MemGuard: A Memory Bandwidth Management Framework for Real-Time Applications on Multicore Platforms
Heechul Yun (heechul.yun@ku.edu), Rodolfo Pellizzoni, Marco Caccamo, Lui Sha

Introduction
Multicore architecture is increasingly being adopted to many modern cyber-physical systems (CPS)—such as autonomous cars and unmanned aerial vehicles (UAVs)—that require high computing performance to process the vast amount of data flowing from a variety of sensors in real-time (e.g., obstacle detection and avoidance and real-time motion planning).

Challenges
Designing critical real-time applications on multicore architecture is, however, challenging because contention in the shared memory resources (e.g., memory bandwidth and cache space) can significantly alter the applications’ timing characteristics. Recent trend toward heterogeneous multicore architecture—in which CPU and GPU cores share part of the memory controller—will likely cause even more contention because GPU tasks typically have high memory bandwidth demands. For example, memory intensive batch jobs running on GPU cores can cause significant delays to important real-time GPU tasks running in parallel, or vice-versa.

Unfortunately, today’s real-time application developers have no good ways to address this problem. In traditional single core architecture, one can easily improve real-time performance by, for example, increasing the priorities of important real-time tasks. Raising task priorities, however, has no impact when tasks are running on different cores in parallel. This is a serious problem especially for safety-critical systems that need certification [1].

In this project, we present a software framework to mitigate the memory contention problem in heterogeneous multicore architecture.

The Framework
We developed a software framework, called MemGuard, to mitigate the memory bandwidth contention problem. The following figure shows the overall architecture of the system. The key idea is to periodically monitor and regulate the memory access rate of each core using per-core hardware performance counters (PMC) at the kernel scheduler. If, for example, a group of tasks generates too much memory traffic and delays the critical real-time tasks, MemGuard can regulate the memory access rates of the cores running the offending tasks.

Case study: real-time face detection in the presence of memory intensive co-runners
In this case study, our goal is to protect real-time performance of a face detection algorithm (from OpenCV package [3]) in the presence of memory intensive co-runners on the Nvidia Tegra K1 multicore platform [4 ARM CPU cores + 192 GPU cores]. The face detector is single threaded w.r.t. CPU but uses GPU cores to accelerate performance. We measured performance (frames/sec) of the face detector first alone in isolation—Figure 3(a); with three memory intensive co-runners—Figure 3(b); and with the co-runners that are bandwidth regulated using MemGuard—Figure 3(c). As shown in Figure 3(b), co-scheduling memory intensive co-runners significantly decreases the performance of the algorithm—from 8.6 to 1.8 fps on average. In contrast, Figure 3(c) shows that MemGuard significantly improves the performance—to 5.9 fps on average—by regulating the co-runners’ memory access rates.

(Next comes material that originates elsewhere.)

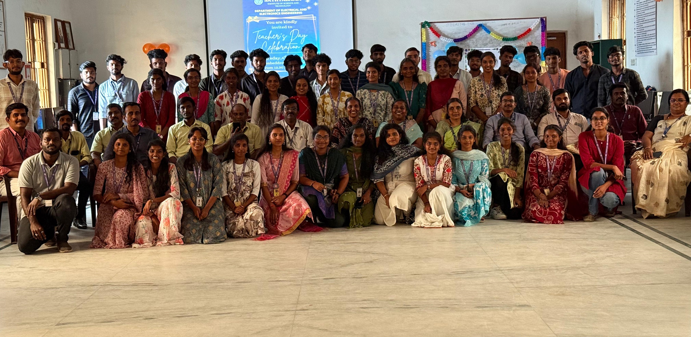 The IEI Student Chapter of Electrical and Electronics Engineering, Sathyabama Institute of Science and Technology, organized a Teachers’ Day Celebration on September 4th, 2025, to honour and appreciate the invaluable contributions of the faculty members. The event commenced with a tribute to Dr. Sarvepalli Radhakrishnan, followed by speeches and cultural performances that reflected the students’ gratitude towards their teachers. The celebration served as a heartfelt expression of respect and appreciation for the teachers’ dedication and commitment in guiding and inspiring students.

This results show that software-based memory bandwidth control can be effective in improving real-time performance of the face-detection software, which heavily utilizes GPU cores.

Ongoing Work
We are currently developing memory bandwidth management middleware that allow more fine-grained memory b/w control by the programmers. Our preliminary study shows that selectively applying bandwidth regulation to critical memory intensive code sections of real-time applications, which we call memory performance critical sections, can substantially improve real-time performance while minimizing impacts on the overall throughput. Our preliminary results on this extension may be available in [2].

Also, we are investigating mechanisms to regulate GPU’s memory bandwidth usages. This is especially important for highly integrated platforms where CPU and GPU cores share memory subsystems—e.g., the Tegra TK1—as memory bandwidth becomes an even more serious bottleneck.


The work is supported in part by NSF CNS 1302563.